Per non fermare il futuro e governarlo non serve una tassa sui robot, ma l’esatto contrario e cioè favorire chi investe in tecnologia, innovazione e formazione, diminuendo le tasse sul lavoro. L’esatto contrario della ricetta di Salvini, che con questa proposta vuole tassare le imprese, penalizzando soprattutto quelle piccole e medie, quelle cioè che grazie agli investimenti tecnologici si avvantaggerebbero di quella tecnologia necessaria per essere competitivi, perché il costo del lavoro per unità di prodotto è tanto più alto quanto è più piccola è l’impresa.
Forse il segretario della Lega non lo sa, ma in questi anni di crisi molti degli accordi sindacali che abbiamo fatto per tenere il lavoro in Italia, o farlo rientrare – reshoring – hanno visto proprio negli investimenti in tecnologia la leva principale per rilanciare il lavoro e l’occupazione.
La risposta quindi non è tassare i robot ma detassare il lavoro riducendo subito il cuneo fiscale che oggi nel nostro paese è superiore di 10 punti rispetto alla media europea.

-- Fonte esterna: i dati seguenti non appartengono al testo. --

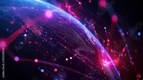 Digital representation of Earth highlighted by vibrant connections and networks in a futuristic atmosphere

Capisco che visti i dati, lo sgomento che si vada esaurendo il dibattito sul migrante come oggetto di paura, faccia nascere in Salvini la necessità di trovare altri simboli per seminare paura e tesaurizzare l’odio nelle urne. Ma la tecnologia può essere un gran alleato per l’umanizzazione del lavoro e il rientro di molte produzioni delocalizzate.